(Exercise)
Reproduce nothing beyond the line containing "A rich matte". From the first line of the data below down to it, copy each line exactly, without the pictures.

Collection entries
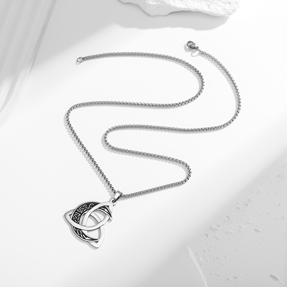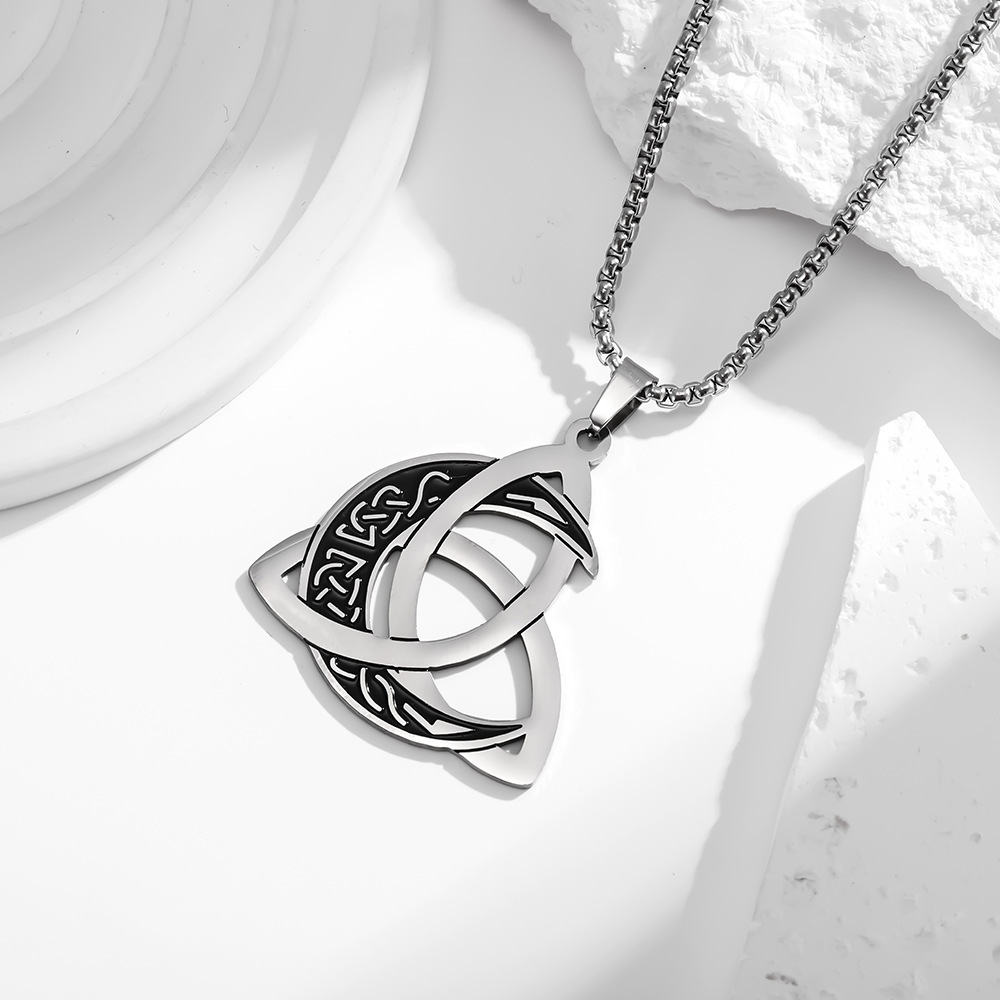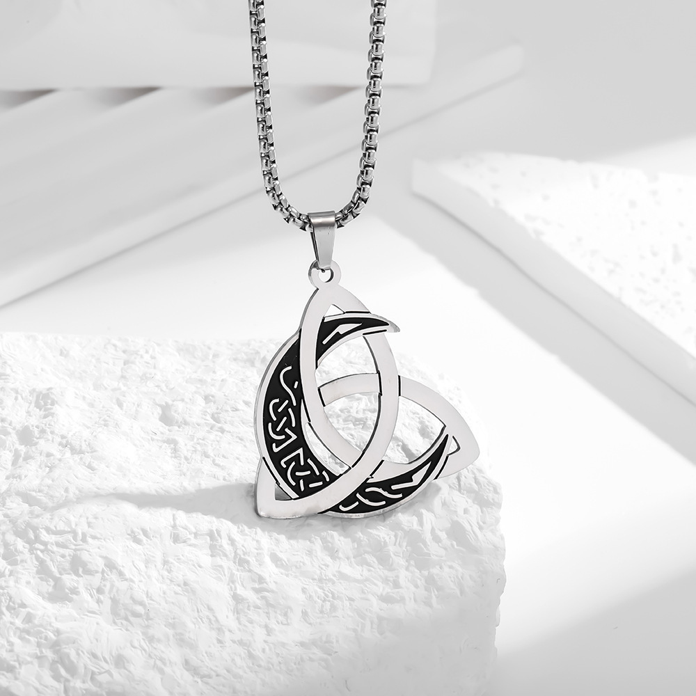 跨境维京三角结月相环绕吊坠凯尔特结不锈钢复古风格钛钢项链批发
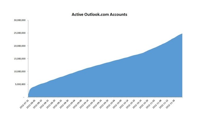 Η Microsoft αποφάσισε πριν περίπου τέσσερις μήνες να αντικαταστήσει το Hotmail με το Outlook.com και σήμερα ανακοίνωσε μέσω του Office Blog της πως η νέα υπηρεσία ηλεκτρονικού ταχυδρομείου της ξεπέρασε τα 25 εκατομμύρια χρήστες.
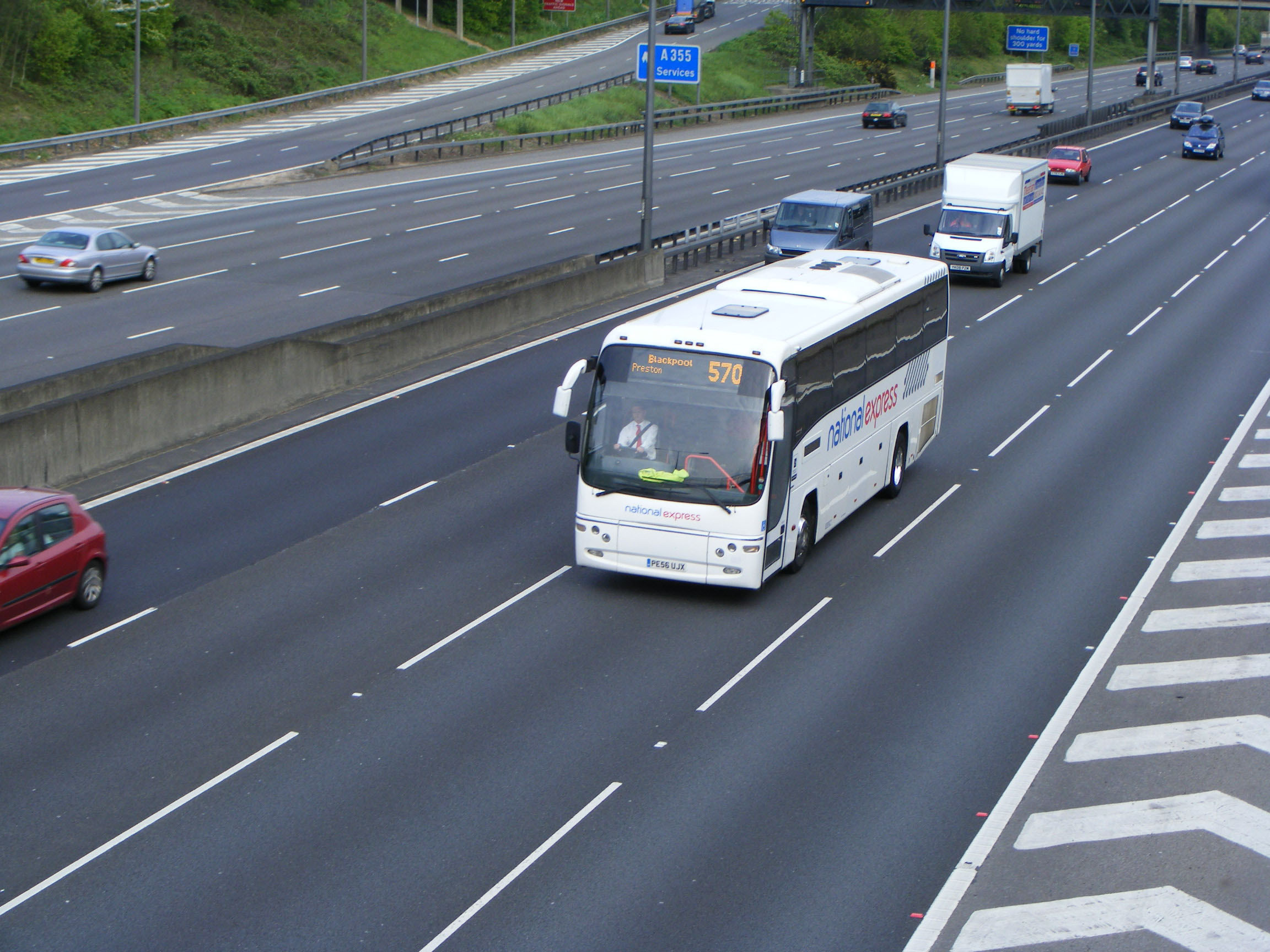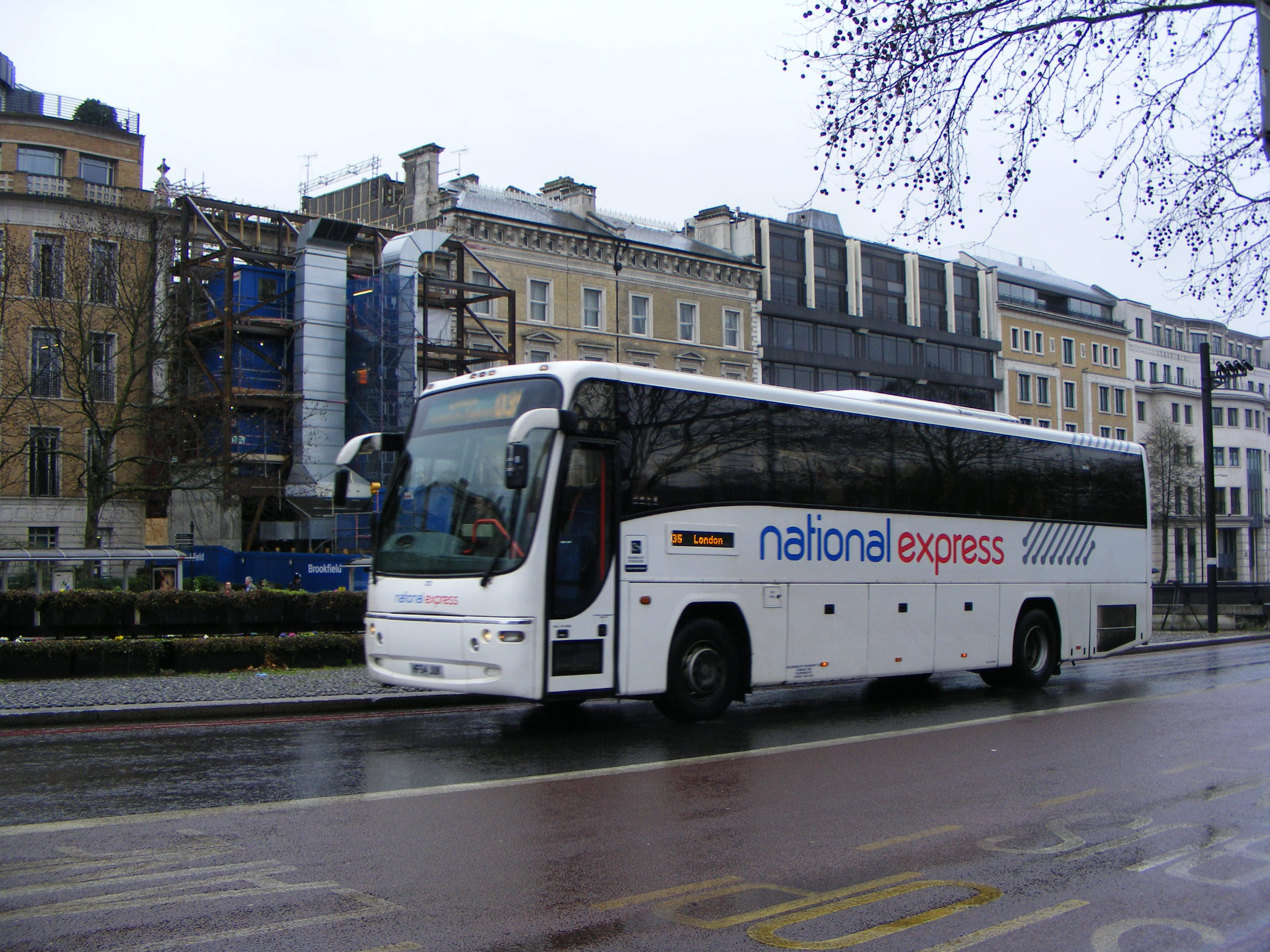 Six years on and Bournemouth was by then owned by RATP and still using its Plaxton Panther bodied 312-318 on National Express work. This is 313 (HF54JUK) in the new National Express livery. |
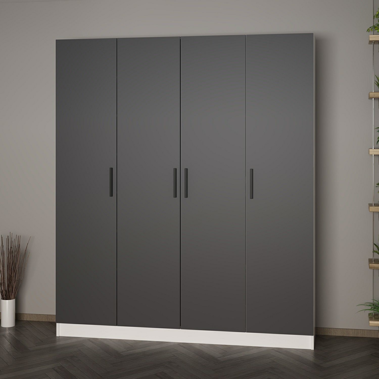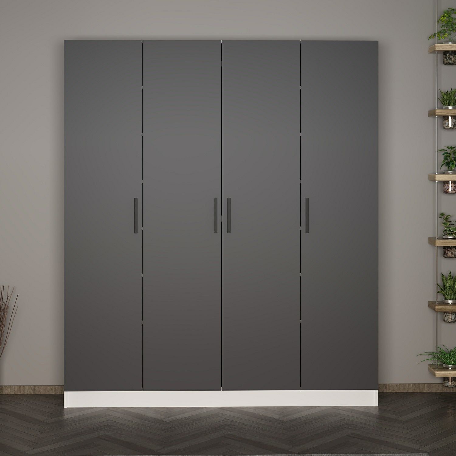 Minar Kale 210 Cm 4 Kapaklı 2B Raf Portmanto Beyaz Antrasit
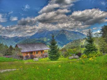 Keywords: alm hdr meadow home hut tree nature landscape roof sky green grass overshadowed clouds shelter gable dairy blue residence summer house forest
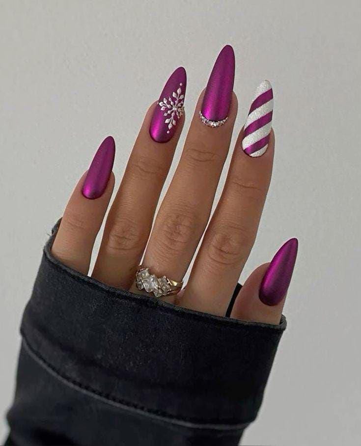 A rich matte plum chrome base is elevated with a jeweled snowflake and a candy-stripe silver accent nail. The look mixes festive charm with a modern, glam winter aesthetic.
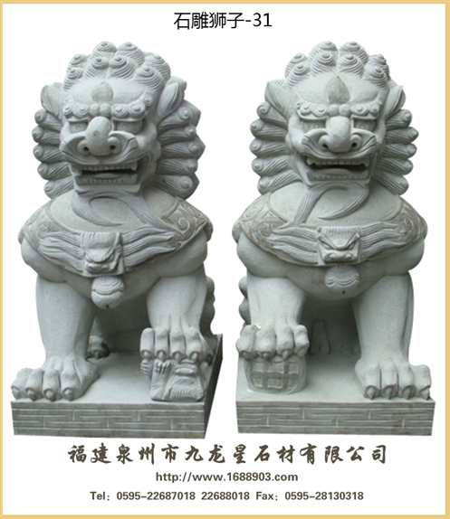 就是用石頭雕刻出來的獅子,是在中國傳統(tǒng)建筑中經(jīng)常使用的一種裝飾物。在中國的宮殿,寺廟,佛塔,橋梁,府邸,園林,陵墓,以及印鈕上都會看到它。但是更多的時候,“石獅”是專門指放在大門左右兩側(cè)的一對獅子。石獅不僅有不同的時代特點,還有明顯的地域特色。總體上,北方的石獅子外觀大氣,雕琢質(zhì)樸;南方的石獅更為靈氣,造型活潑,雕飾繁多,小獅子也不僅在母獅手掌下,有的爬上獅背,活潑可愛。
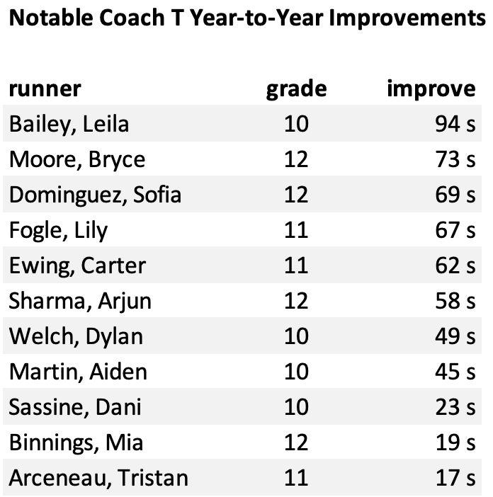11 Lovejoy varsity runners saw significant (15 seconds or more) improvement over their times at this
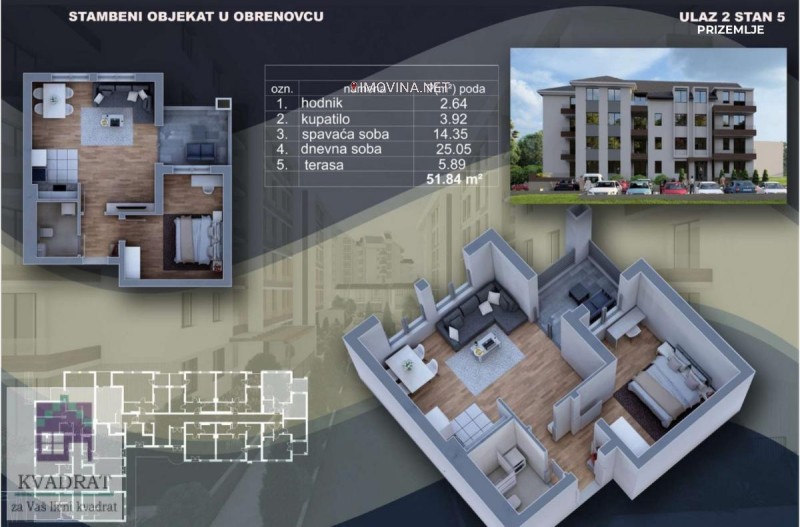 Dvosoban stan 51.84 m², PR, Obrenovac - 71.280€. Na prodaju dvosoban stan površine 51,84m² u prizemlju stambene zgrade u izgradnji. Stan se sastoji od ulaznog hodnika, dnevne sobe sa kuhinjom i trpezarijom, spavaće sobe, kupatila.
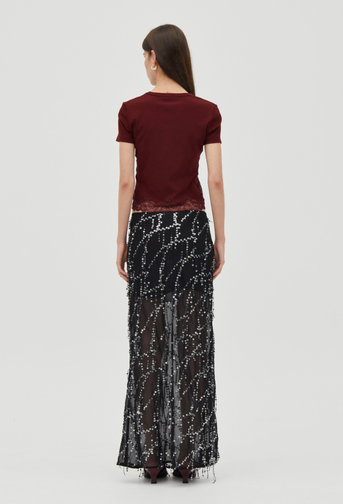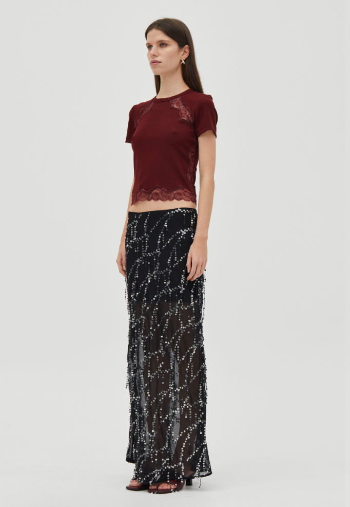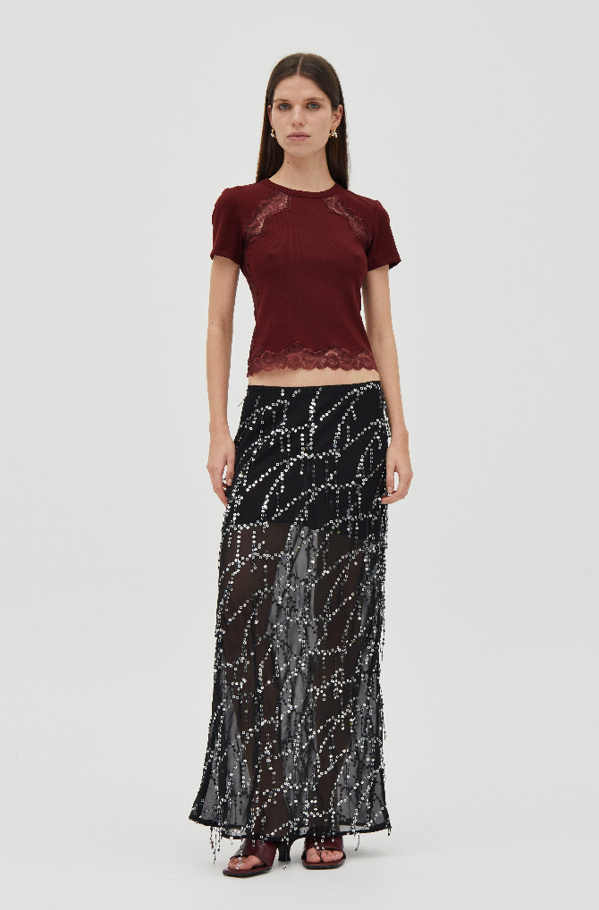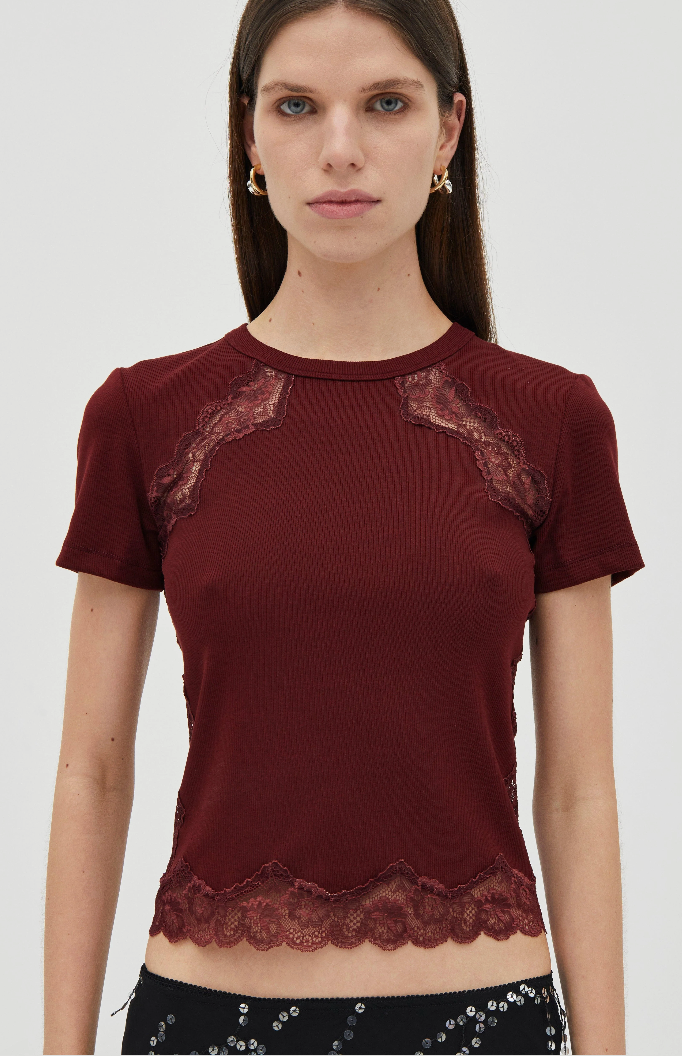 The Echo Tee is a fitted baby tee crafted from a soft ribbed jersey. Sheer lace panelling traces through the body and finishes at the hem, adding contrast to the silhoutte. Designed as a pull-on style, it’s an easy layering piece.

(Solution for this task)
 跨境维京三角结月相环绕吊坠凯尔特结不锈钢复古风格钛钢项链批发
 Η Microsoft αποφάσισε πριν περίπου τέσσερις μήνες να αντικαταστήσει το Hotmail με το Outlook.com και σήμερα ανακοίνωσε μέσω του Office Blog της πως η νέα υπηρεσία ηλεκτρονικού ταχυδρομείου της ξεπέρασε τα 25 εκατομμύρια χρήστες.
 Six years on and Bournemouth was by then owned by RATP and still using its Plaxton Panther bodied 312-318 on National Express work. This is 313 (HF54JUK) in the new National Express livery. |
 Minar Kale 210 Cm 4 Kapaklı 2B Raf Portmanto Beyaz Antrasit
 Keywords: alm hdr meadow home hut tree nature landscape roof sky green grass overshadowed clouds shelter gable dairy blue residence summer house forest
 A rich matte plum chrome base is elevated with a jeweled snowflake and a candy-stripe silver accent nail. The look mixes festive charm with a modern, glam winter aesthetic.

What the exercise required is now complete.